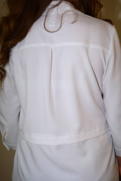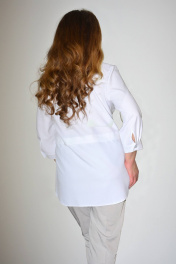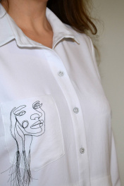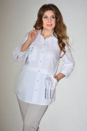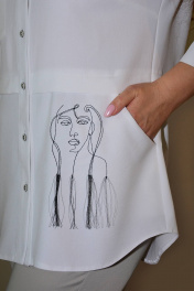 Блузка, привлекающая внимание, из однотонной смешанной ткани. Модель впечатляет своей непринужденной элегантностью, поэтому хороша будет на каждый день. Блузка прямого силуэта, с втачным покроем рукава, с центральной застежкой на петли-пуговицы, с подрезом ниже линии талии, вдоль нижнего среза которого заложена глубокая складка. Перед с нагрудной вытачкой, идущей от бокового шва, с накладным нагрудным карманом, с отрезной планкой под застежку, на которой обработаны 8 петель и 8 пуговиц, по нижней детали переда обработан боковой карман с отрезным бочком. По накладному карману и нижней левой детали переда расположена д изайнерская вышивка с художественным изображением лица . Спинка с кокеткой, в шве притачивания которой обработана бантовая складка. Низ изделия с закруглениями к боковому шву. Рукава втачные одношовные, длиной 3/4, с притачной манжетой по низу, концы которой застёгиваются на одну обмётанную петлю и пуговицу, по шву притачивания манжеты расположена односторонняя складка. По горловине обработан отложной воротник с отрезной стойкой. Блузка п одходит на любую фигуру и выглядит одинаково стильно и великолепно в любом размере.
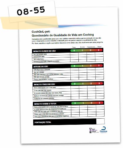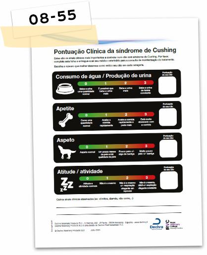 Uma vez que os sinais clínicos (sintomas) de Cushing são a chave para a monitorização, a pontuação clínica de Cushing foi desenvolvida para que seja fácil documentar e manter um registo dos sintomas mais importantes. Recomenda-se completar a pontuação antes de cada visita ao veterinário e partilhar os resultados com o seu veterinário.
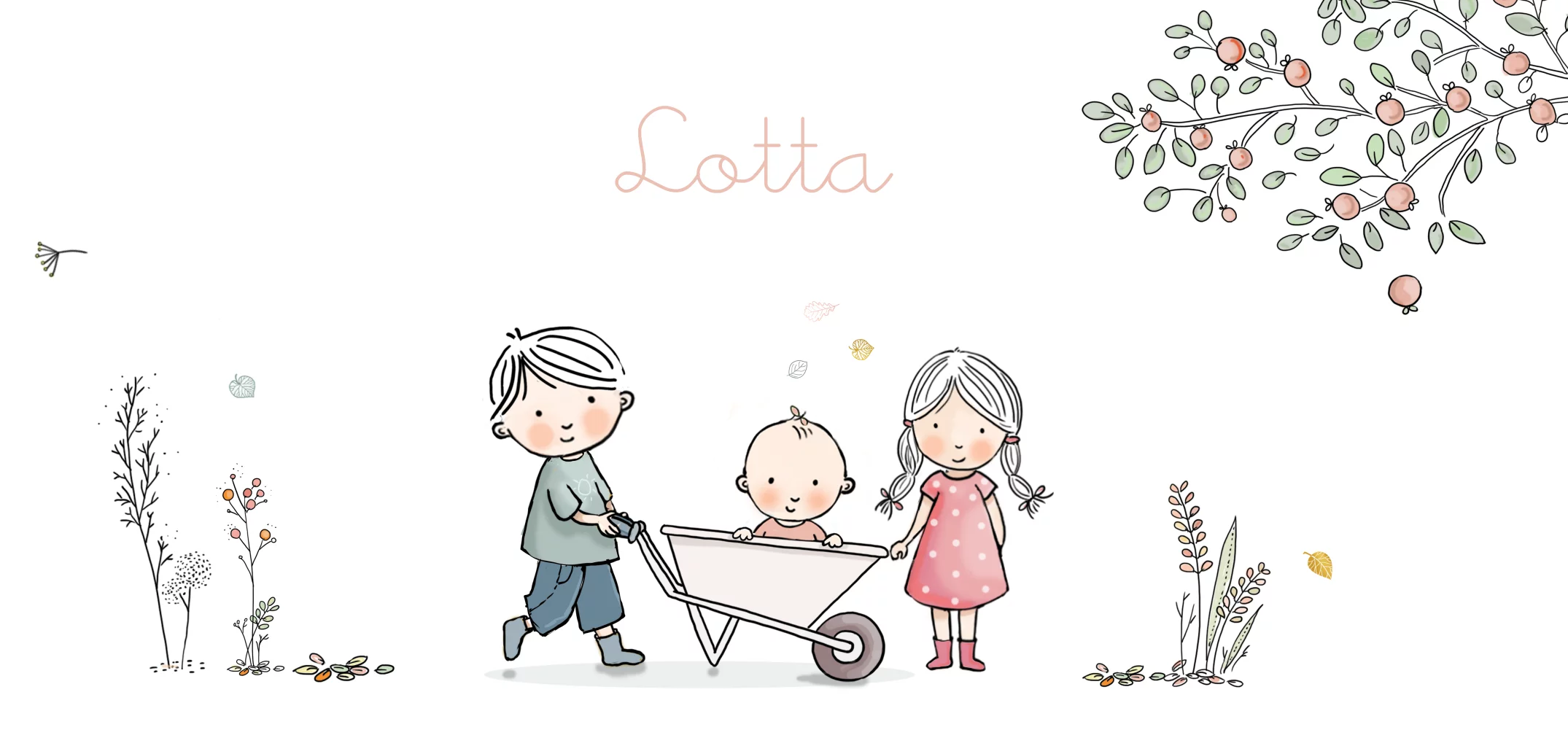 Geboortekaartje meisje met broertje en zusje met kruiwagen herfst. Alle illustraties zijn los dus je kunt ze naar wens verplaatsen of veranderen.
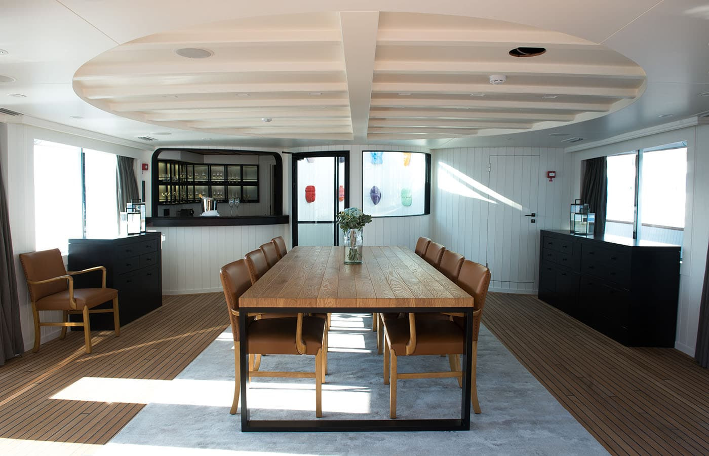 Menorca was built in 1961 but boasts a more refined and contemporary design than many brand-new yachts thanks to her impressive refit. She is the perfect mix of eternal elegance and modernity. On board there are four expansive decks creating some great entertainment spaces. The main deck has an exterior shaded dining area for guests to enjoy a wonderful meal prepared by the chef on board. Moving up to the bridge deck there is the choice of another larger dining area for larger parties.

- _ABOUT THIS EXERCISE_: Leave the pictures out and transcribe the remaining material exactly.

- _YOUR RESPONSE_:
 Блузка, привлекающая внимание, из однотонной смешанной ткани. Модель впечатляет своей непринужденной элегантностью, поэтому хороша будет на каждый день. Блузка прямого силуэта, с втачным покроем рукава, с центральной застежкой на петли-пуговицы, с подрезом ниже линии талии, вдоль нижнего среза которого заложена глубокая складка. Перед с нагрудной вытачкой, идущей от бокового шва, с накладным нагрудным карманом, с отрезной планкой под застежку, на которой обработаны 8 петель и 8 пуговиц, по нижней детали переда обработан боковой карман с отрезным бочком. По накладному карману и нижней левой детали переда расположена д изайнерская вышивка с художественным изображением лица . Спинка с кокеткой, в шве притачивания которой обработана бантовая складка. Низ изделия с закруглениями к боковому шву. Рукава втачные одношовные, длиной 3/4, с притачной манжетой по низу, концы которой застёгиваются на одну обмётанную петлю и пуговицу, по шву притачивания манжеты расположена односторонняя складка. По горловине обработан отложной воротник с отрезной стойкой. Блузка п одходит на любую фигуру и выглядит одинаково стильно и великолепно в любом размере.
 Uma vez que os sinais clínicos (sintomas) de Cushing são a chave para a monitorização, a pontuação clínica de Cushing foi desenvolvida para que seja fácil documentar e manter um registo dos sintomas mais importantes. Recomenda-se completar a pontuação antes de cada visita ao veterinário e partilhar os resultados com o seu veterinário.
 Geboortekaartje meisje met broertje en zusje met kruiwagen herfst. Alle illustraties zijn los dus je kunt ze naar wens verplaatsen of veranderen.
 Menorca was built in 1961 but boasts a more refined and contemporary design than many brand-new yachts thanks to her impressive refit. She is the perfect mix of eternal elegance and modernity. On board there are four expansive decks creating some great entertainment spaces. The main deck has an exterior shaded dining area for guests to enjoy a wonderful meal prepared by the chef on board. Moving up to the bridge deck there is the choice of another larger dining area for larger parties.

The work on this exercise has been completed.